The Commonwealth disputed that the amendment changed the nature and character of the

offense and reminded the circuit court that such amendments are permissible under Code

§ 19.2-231. The Commonwealth suggested that if Paulding was surprised by the amendment, the

remedy was for the court to grant a continuance. Paulding agreed that if the court was inclined

to grant the motion to amend the indictment, her remedy under Code § 19.2-231 was for a

continuance, but she argued that being “forced” to continue because she was “not ready for the

change to the [indictment],” was “unfair to [her] client at this point.” For that reason, she asked

the court to deny the motion to amend. The following exchange then occurred:

The Court: . . . So if it’s continued at this rate, you all are probably not going to get any dates until March or April based on the Court’s calendar. Does this present another issue for the Commonwealth?

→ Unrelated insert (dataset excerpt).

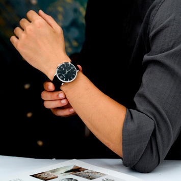 Ремешок: Черный ремень из кожи.

I mean, the time would count against you as well, I think.

[The Commonwealth]: Yes, it would.

The Court: The time is going to count against the Commonwealth for a continuance request if you all are making this change at the last minute, although the preliminary hearing was in February. . . . It seems unfair to count the time against the defense if the Commonwealth made the change at the last minute even, though the preliminary hearing was in February. That’s what I am saying. . . .

[The Commonwealth]: Well, certainly, Judge, if the Court is not inclined to run the time against the defendant—because, again, the nature of the charges has not changed. The defense might have changed, but the charge has not changed. We don’t feel that the time should run against the Commonwealth but against the defendant. If the Court is inclined to do so, certainly we would be outside of speedy trial, and the Commonwealth would have a different motion. The motion would be to nol-pros, and we would certainly reindict.

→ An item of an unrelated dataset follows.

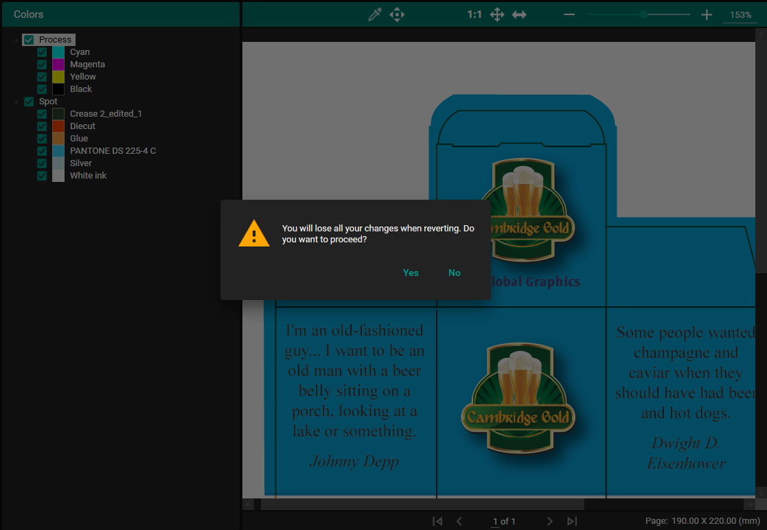 When you exit the Job Editor after modifying a spot color, you'll receive a warning message:

-3- The Court: I haven’t decided yet. I was just wondering logistically what your proposal would be. I think the issue is, if you amend the indictment and it doesn’t change the elements, which it does sound like you are asking to change the elements, then it’s unfair to ask the defense to proceed today.

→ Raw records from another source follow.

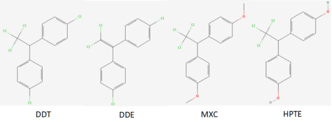 This paper explores the estrogenic interference effects of DDT and its substitutes and metabolites using molecular docking techniques and analyzes the related mechanisms of action. In addition, DDT and its alternative metoxyddt (MXC), as well as their respective metabolites, DDT (DDE) and 2, 2-bis (4-hydroxybenzene) -1,1, 1-trichloroethane (HPTE), were selected as ligand molecules for docking. AutoDock software was used for molecular docking with the estrogen receptor (ER)α. Both MXC and HPTE can form a hydrogen bond with the Arg394 residue of ERα, and the optimal binding energies of DDT, DDE, MXC and HPTE to ERα are -5.67, -6.21, -5.03 and -5.48 5.48kcal/mol, respectively. The binding forces of ERα to the above four molecules, from high to low, are DDE>DDT>HPTE>MXC. ERα has sufficient affinity for DDT, DDE, MXC, and HPTE. The binding affinity of DDT and DDE to ERα is mainly provided by hydrophobic interaction with the non-polar residue of the receptor. In contrast, the binding affinity of MXC and HPTE to ERα is primarily supplied by hydrophobic interaction with the non-polar residue of the receptor and hydrogen bond formation with the key residue. MXC shows a weaker affinity for the receptor than DDT, and HPTE shows a stronger affinity for the estrogen receptor than MXC.
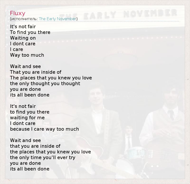 Это интересно:The Early November собрались городе Хаммонтон, штат Нью-Джерси, США, где Ace Enders, барабанщик Jeff Krummer и басист Sergio Anello впервые попробывали играть вместе. Позже к ним присоединился гитарист Joe Marro. После того, как ребята отослали своё демо в Drive Thru Records, им тут же предложили контракт. В пределах нескольких месяцев их EP For All Of This был записан в оригинальной и акустической версии. В то же время аудитория по... продолжение
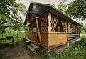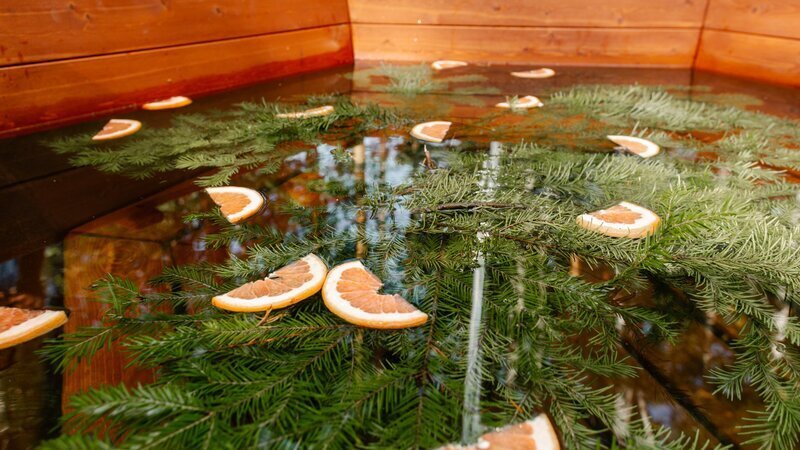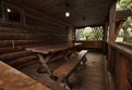 Аутентичность банному парению придаёт расположение бани и чана – вдали от всех домиков и в окружении вековых сосен.

[The Commonwealth]: But case law says you don’t look at the change in the elements, but you look at the nature of the underlying offense and the actions of the defendant. But I understand what the Court is saying.

Before the circuit court ruled on the motion to amend, Paulding stated,

if the Commonwealth does make a motion to nol-pros, I would argue this is not good cause. I would argue that this has been a year in which we’ve been proceeding under one theory of the case until 4:45 yesterday. That would not be good cause simply because they would have to amend the warrant and continue the matter.

The circuit court found, “the Commonwealth is entitled to make these amendments. So

I’m going to grant the Commonwealth’s motion and note the defense’s objection.” The

Commonwealth then inquired if the court would run the time against the Commonwealth, and

the circuit court responded, “I haven’t decided that since no one has filed that motion.” In an

apparent attempt to schedule the matter within speedy trial, the parties agreed to a January 2,

2025 trial date. When the Commonwealth again inquired if the court would “be counting the

time against the Commonwealth,” the circuit court again responded, “I don’t think I’m going to

decide that now, but if you file a motion, we can discuss that.” Paulding then asked the court to

recognize two witnesses for the January 2 trial date and requested that Riley be given a bond.

After hearing argument for bond and the Commonwealth’s objection, the circuit court awarded

Riley a $10,000 secured bond and the matter was concluded.